## TASK TO CARRY OUT
Reproduce all the data exactly, without pictures.

*** Opening of INPUT ***

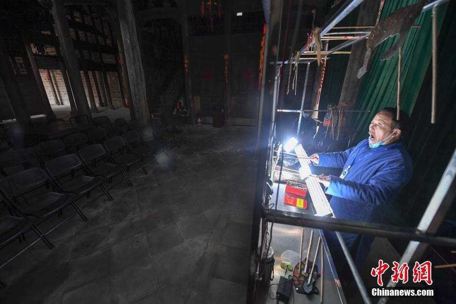 在没有观众的剧场内,表演者王碧元舞动着皮影卖力献唱。中新社记者 杨华峰 摄
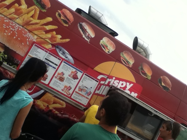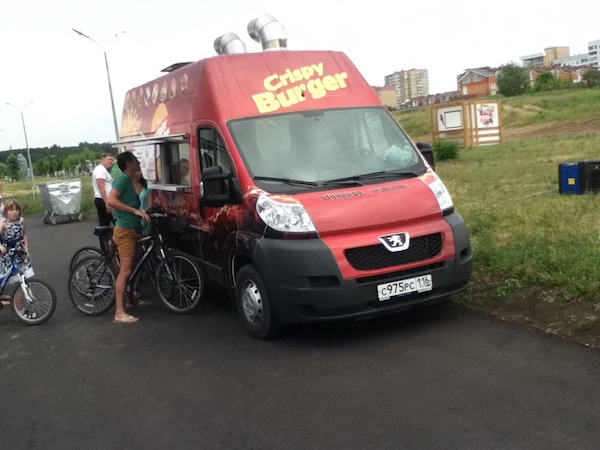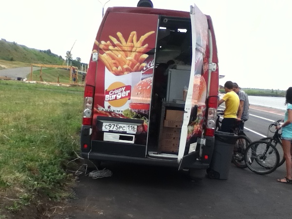 Одним словом - речь идёт об обычной Газели, но переделанной под кухню на колесах. Здесь, сбоку развернута импровизированная касса и место, куда должны выстраиваться люди в очередь за вашими сосисками в тесте, минеральной водой и так далее.
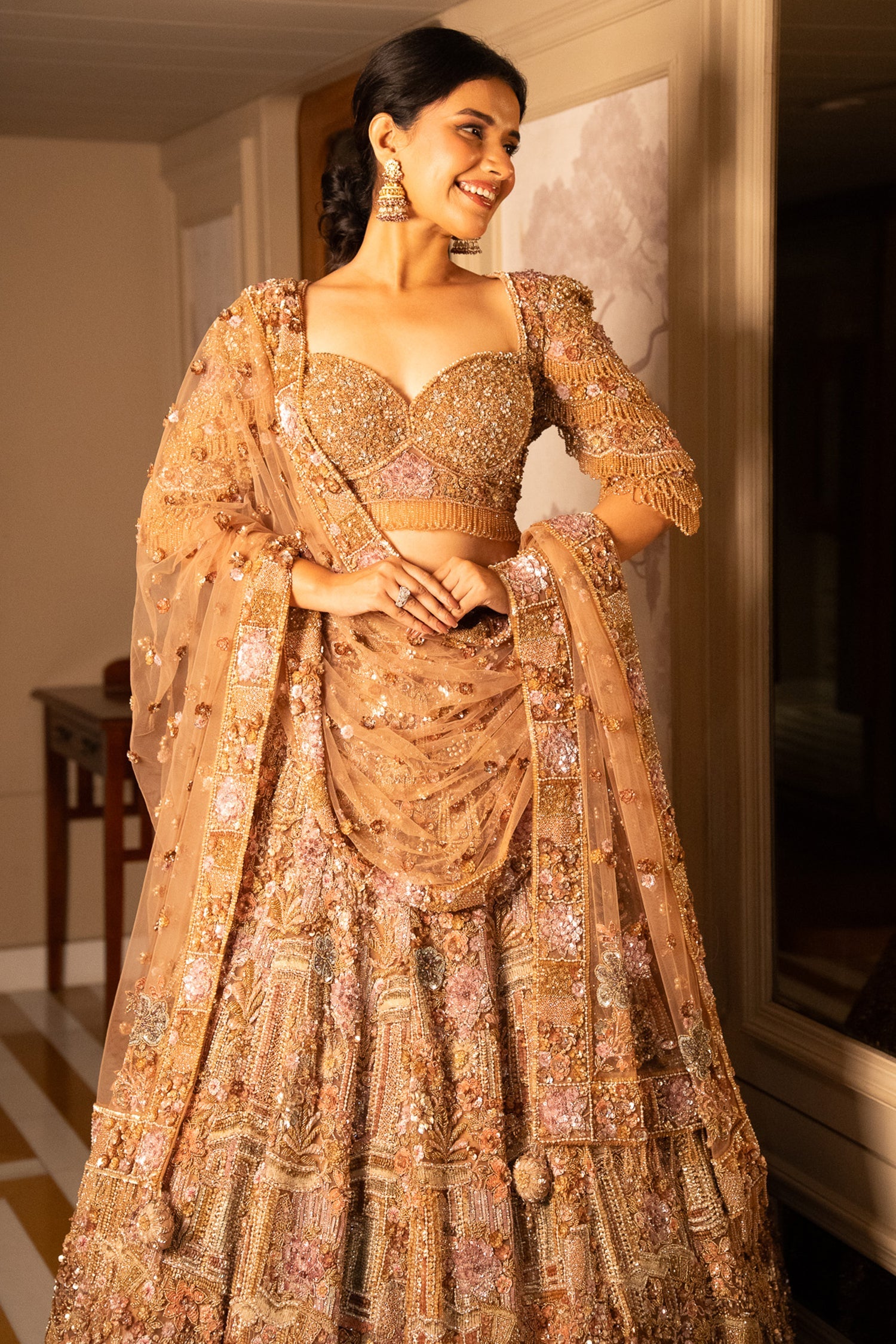 This exquisite pink net designer lehenga is a celebration of refined craftsmanship and timeless elegance. The sculpted blouse features a graceful sweetheart neckline, adorned with intricate sequin, cutdana, and hand-beaded detailing for a radiant, couture finish. Delicately embellished half sleeves add depth and sophistication to the silhouette.The voluminous lehenga skirt is richly embroidered with shimmering motifs that create effortless movement and grandeur. Paired with a sheer net dupatta finished with ornate embroidered borders, this ensemble is designed for grand bridal moments and elegant celebrations.
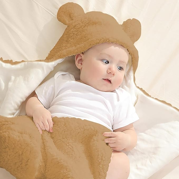 Baby Swaddle Blanket Boys Girls Cute Bear Plush Essential Receiving Blanket Ultra-Soft Newborn Registry Sleeping Wraps for Infant 0-6 Months - Brown
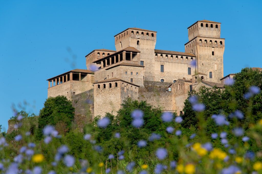 Non loin de la production du jambon de Parme s’élève le château de Torrechiara, véritable joyau médiéval offrant l’une des vues les plus impressionnantes de la région : un panorama infini sur les vignobles, les champs dorés et les premiers reliefs des Apennins. On s’y arrête volontiers pour flâner le long de ses remparts en pierres, se laisser porter par le silence vibrant de la nature et ressentir cette atmosphère hors du temps.
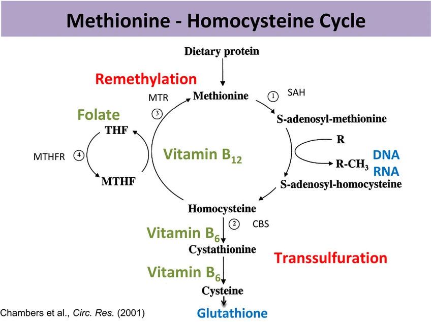 위의 그림을 보면 알 수 있듯이 단백질이 대사하는 과정에서 비타민B6, 비타민B12, 엽산이 있어야 원활한 대사가 이루어질 수 있고, 그래야 호모시스테인이 메티오닌과 시스테인으로 전환되어 호모시스테인 농도를 낮출 수 있다.
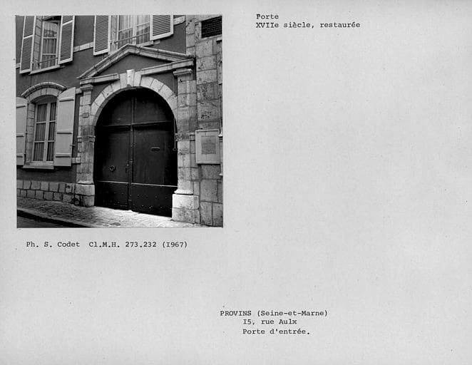 Île-de-France ; Seine-et-Marne (77) ; Provins ; 15 rue aux Aulx
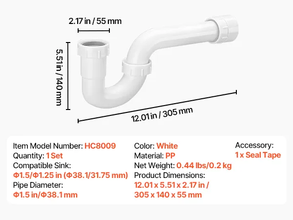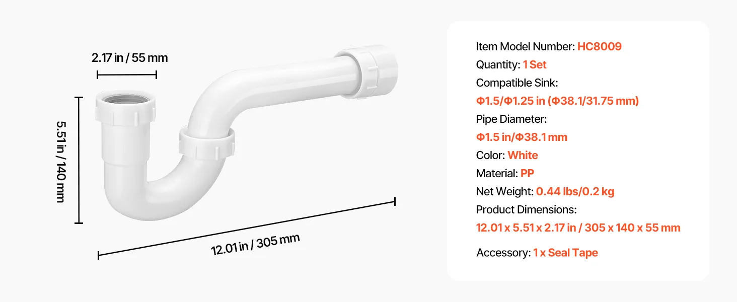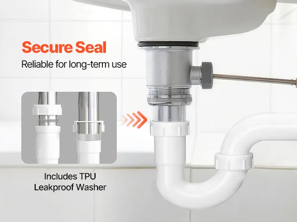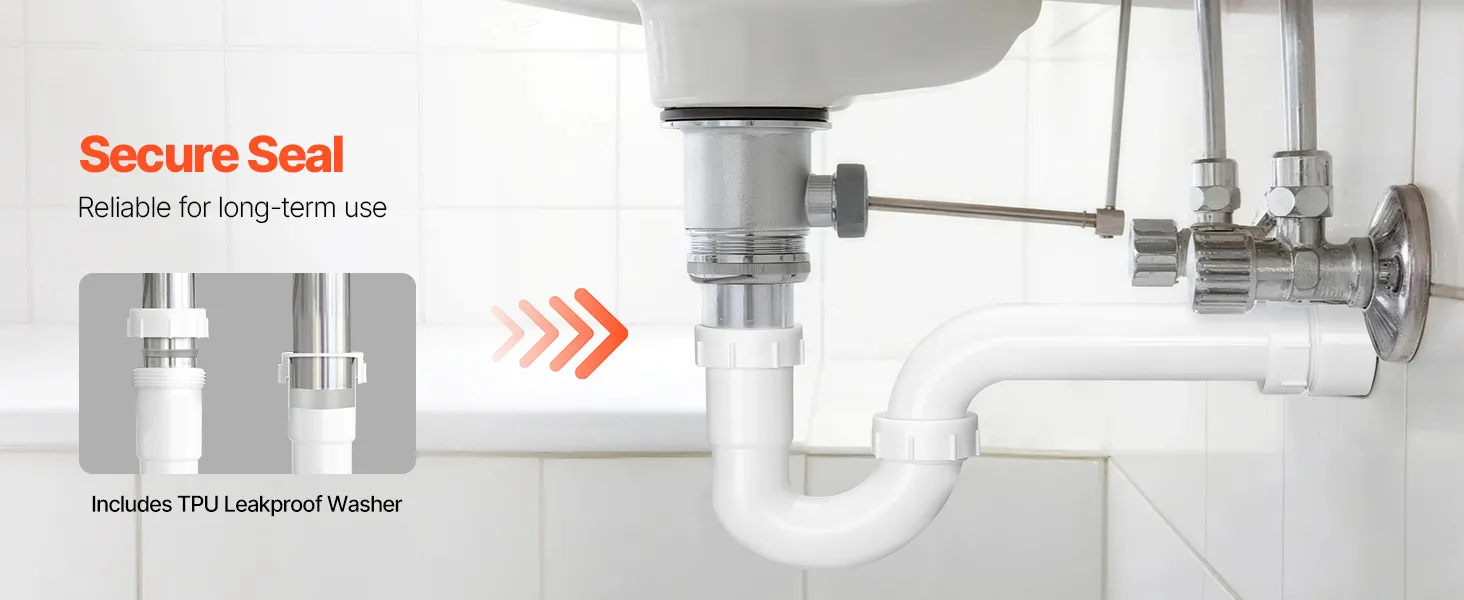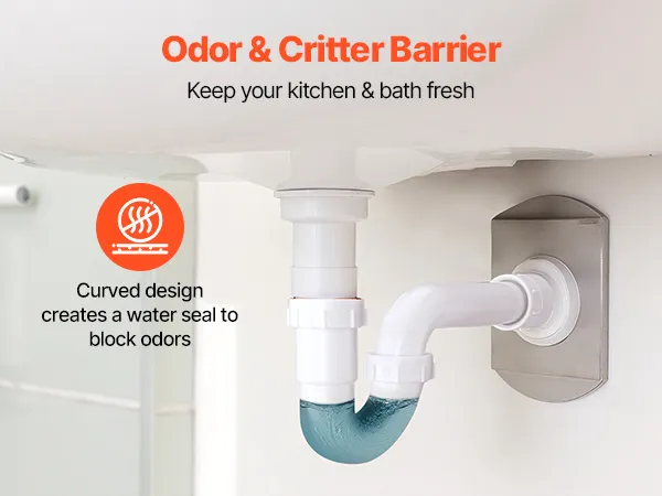 Premium Sealing: Equipped with spill-proof gaskets and locking nuts, this p-trap bathroom sink kit achieves a secure seal with simple hand tightening. The curved section creates a water seal that blocks odors and avoids critters from entering indoors

*** Close of INPUT ***

## OUTPUT OF THE EXERCISE
 在没有观众的剧场内,表演者王碧元舞动着皮影卖力献唱。中新社记者 杨华峰 摄
 Одним словом - речь идёт об обычной Газели, но переделанной под кухню на колесах. Здесь, сбоку развернута импровизированная касса и место, куда должны выстраиваться люди в очередь за вашими сосисками в тесте, минеральной водой и так далее.
 This exquisite pink net designer lehenga is a celebration of refined craftsmanship and timeless elegance. The sculpted blouse features a graceful sweetheart neckline, adorned with intricate sequin, cutdana, and hand-beaded detailing for a radiant, couture finish. Delicately embellished half sleeves add depth and sophistication to the silhouette.The voluminous lehenga skirt is richly embroidered with shimmering motifs that create effortless movement and grandeur. Paired with a sheer net dupatta finished with ornate embroidered borders, this ensemble is designed for grand bridal moments and elegant celebrations.
 Baby Swaddle Blanket Boys Girls Cute Bear Plush Essential Receiving Blanket Ultra-Soft Newborn Registry Sleeping Wraps for Infant 0-6 Months - Brown
 Non loin de la production du jambon de Parme s’élève le château de Torrechiara, véritable joyau médiéval offrant l’une des vues les plus impressionnantes de la région : un panorama infini sur les vignobles, les champs dorés et les premiers reliefs des Apennins. On s’y arrête volontiers pour flâner le long de ses remparts en pierres, se laisser porter par le silence vibrant de la nature et ressentir cette atmosphère hors du temps.
 위의 그림을 보면 알 수 있듯이 단백질이 대사하는 과정에서 비타민B6, 비타민B12, 엽산이 있어야 원활한 대사가 이루어질 수 있고, 그래야 호모시스테인이 메티오닌과 시스테인으로 전환되어 호모시스테인 농도를 낮출 수 있다.
 Île-de-France ; Seine-et-Marne (77) ; Provins ; 15 rue aux Aulx
 Premium Sealing: Equipped with spill-proof gaskets and locking nuts, this p-trap bathroom sink kit achieves a secure seal with simple hand tightening. The curved section creates a water seal that blocks odors and avoids critters from entering indoors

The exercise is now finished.